Synthetic data isn’t enough, so Apple wants users’ own data to help improve its AI.

Cupertino is already moving to strengthen one of the largest software ventures in its recent history. Among the moves underway are two fronts: the rumored restructuring of the team behind Siri, whose improved version has been delayed until 2026, and the creation of new techniques designed to improve its language models, with the mission of maintaining its focus on privacy.

A step beyond synthetic data
Apple typically trains its models with synthetic data and data labeled by humans, a solution that has proven effective to a certain extent. It doesn’t always represent the real world. Consequently, it limits the performance of AI products. This has led the technology company led by Tim Cook to develop a new solution that combines synthetic data with anonymized signals from participating devices.

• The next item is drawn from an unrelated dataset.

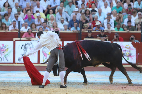 4º "Jabaíto", nº 63. Muy despacio ha toreado por verónicas ‘El Cid’ en el saludo al cuarto de la corrida. Clase y entrega evidenció el astado en el peto, suministrándole dos fenomenales puyazos Manuel Jesús Ruiz "Espartaco". Gran toro este "Jabaíto" de Miura, que rompió a embestir en la templada muleta de ‘El Cid’, que lo cuajó a con ambas manos, destacando las series instrumentadas con la zurda, echando la franela adelante, tragándole al animal y esperando a que metiera la cara en el engaño para tirar de él muy despacio hasta el final del viaje. Profundidad en los muletazos y en la embestida del cornúpeta que se entregó totalmente ante el poder y el sometimiento del diestro de Salteras. Actuación importante de verdad de ‘El Cid’, que culminó su labor con un espadazo en lo alto. Dos orejas.

As explained in an article published this week, it all starts with a synthetic message, that is, an email invented by Apple itself with a format that simulates real emails. For example: “Would you like to play tennis tomorrow at 11:30?” From there, several variants are generated that change some elements, such as the sport, time, or tone, to test different possible structures.

These phrases are sent to a portion of the devices whose users have agreed to share analytics with Apple. Here’s where something key happens: each iPhone, iPad, or Mac receives a handful of real emails transformed into local embeddings, that is, mathematical representations that convert each message into a set of numbers that reflect its subject, style, and length. The important thing is that these emails never leave the device.